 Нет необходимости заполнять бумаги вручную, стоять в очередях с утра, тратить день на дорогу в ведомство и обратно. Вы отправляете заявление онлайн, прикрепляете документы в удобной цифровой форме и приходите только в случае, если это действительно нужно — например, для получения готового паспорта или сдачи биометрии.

==

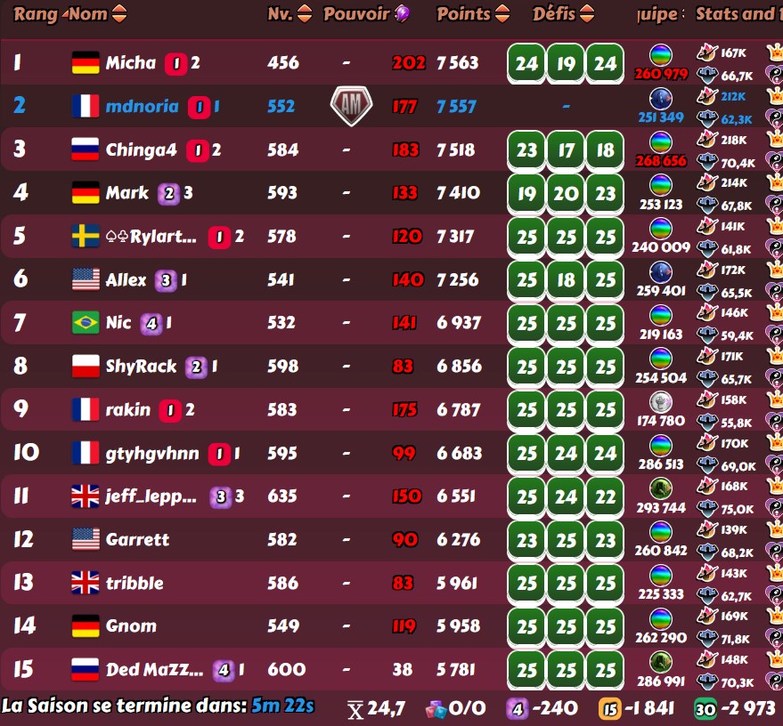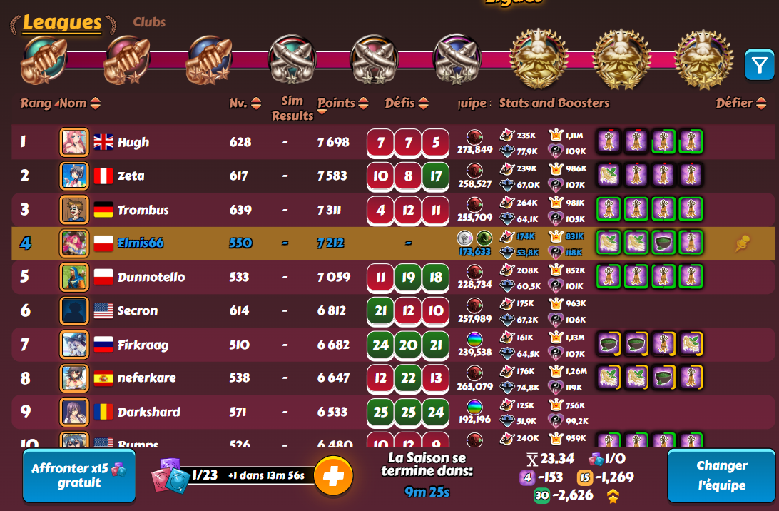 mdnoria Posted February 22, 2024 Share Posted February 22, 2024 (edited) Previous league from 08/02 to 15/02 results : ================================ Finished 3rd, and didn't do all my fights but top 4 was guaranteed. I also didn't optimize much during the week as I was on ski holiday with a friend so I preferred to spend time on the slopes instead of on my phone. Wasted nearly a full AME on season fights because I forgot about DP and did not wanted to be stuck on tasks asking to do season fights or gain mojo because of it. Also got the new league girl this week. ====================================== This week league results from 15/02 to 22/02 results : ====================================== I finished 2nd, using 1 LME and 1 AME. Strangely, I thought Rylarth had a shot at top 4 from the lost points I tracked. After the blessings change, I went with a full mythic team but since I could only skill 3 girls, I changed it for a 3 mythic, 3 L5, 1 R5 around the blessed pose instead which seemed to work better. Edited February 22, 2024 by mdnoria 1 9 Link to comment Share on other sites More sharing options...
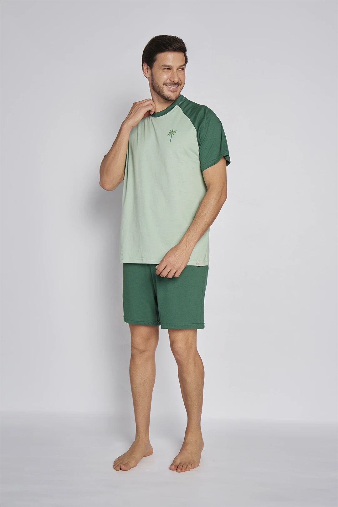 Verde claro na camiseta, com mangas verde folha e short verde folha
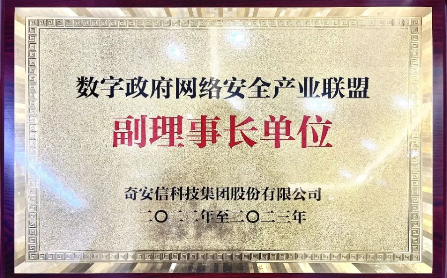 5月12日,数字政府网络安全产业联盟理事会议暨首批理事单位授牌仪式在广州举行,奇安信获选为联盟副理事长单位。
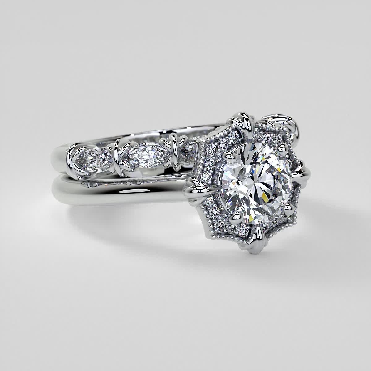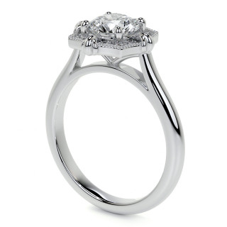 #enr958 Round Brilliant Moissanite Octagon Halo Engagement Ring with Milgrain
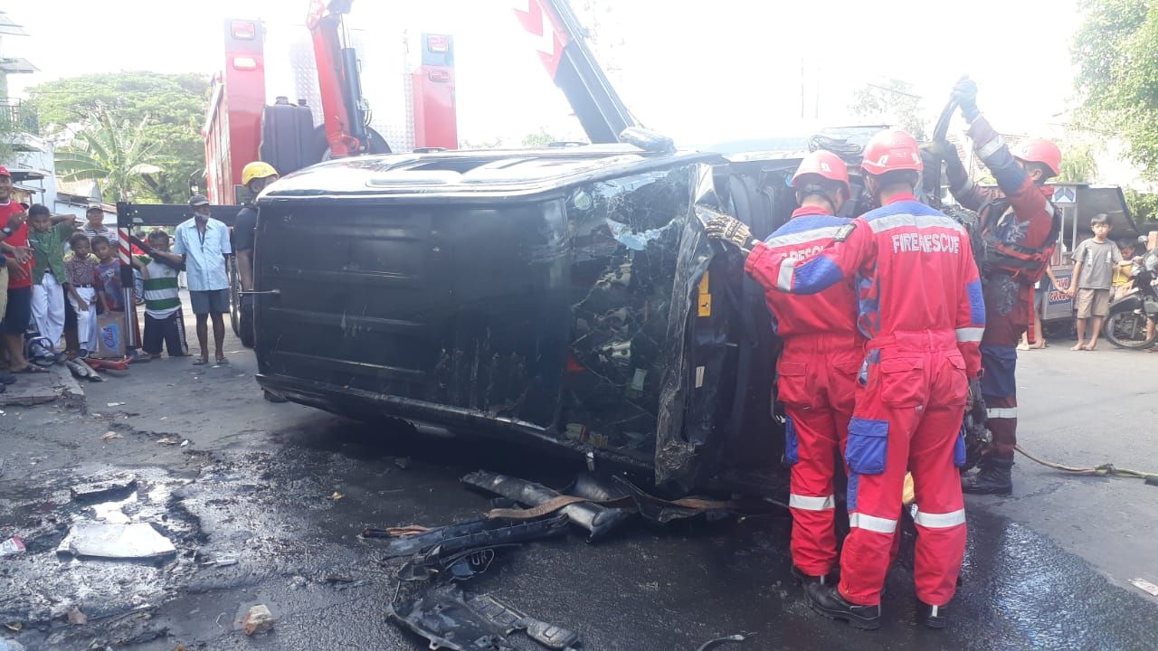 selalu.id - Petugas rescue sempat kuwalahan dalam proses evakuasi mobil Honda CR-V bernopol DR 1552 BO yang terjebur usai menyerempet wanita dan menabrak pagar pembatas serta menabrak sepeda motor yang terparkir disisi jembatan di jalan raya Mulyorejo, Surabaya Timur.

* * *

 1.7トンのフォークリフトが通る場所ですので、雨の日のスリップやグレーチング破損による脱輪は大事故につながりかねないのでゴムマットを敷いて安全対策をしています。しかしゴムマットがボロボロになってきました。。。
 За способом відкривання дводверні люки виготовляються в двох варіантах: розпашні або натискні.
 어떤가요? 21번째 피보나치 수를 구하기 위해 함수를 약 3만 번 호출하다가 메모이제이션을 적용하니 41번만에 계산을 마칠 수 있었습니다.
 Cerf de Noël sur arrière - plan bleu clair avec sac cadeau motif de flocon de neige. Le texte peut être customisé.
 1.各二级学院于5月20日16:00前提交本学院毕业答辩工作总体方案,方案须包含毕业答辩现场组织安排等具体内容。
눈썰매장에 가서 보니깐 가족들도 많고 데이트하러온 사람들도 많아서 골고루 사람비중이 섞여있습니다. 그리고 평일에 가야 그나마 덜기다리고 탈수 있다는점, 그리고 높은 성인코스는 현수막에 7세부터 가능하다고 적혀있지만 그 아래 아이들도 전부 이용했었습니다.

Task requirements — Print, from the entries above, the line with "어떤가요? 21번째 피보나치", the line with "눈썰매장에 가서 보니깐" and all lines between them, exactly and with nothing else.

Output —
 어떤가요? 21번째 피보나치 수를 구하기 위해 함수를 약 3만 번 호출하다가 메모이제이션을 적용하니 41번만에 계산을 마칠 수 있었습니다.
 Cerf de Noël sur arrière - plan bleu clair avec sac cadeau motif de flocon de neige. Le texte peut être customisé.
 1.各二级学院于5月20日16:00前提交本学院毕业答辩工作总体方案,方案须包含毕业答辩现场组织安排等具体内容。
눈썰매장에 가서 보니깐 가족들도 많고 데이트하러온 사람들도 많아서 골고루 사람비중이 섞여있습니다. 그리고 평일에 가야 그나마 덜기다리고 탈수 있다는점, 그리고 높은 성인코스는 현수막에 7세부터 가능하다고 적혀있지만 그 아래 아이들도 전부 이용했었습니다.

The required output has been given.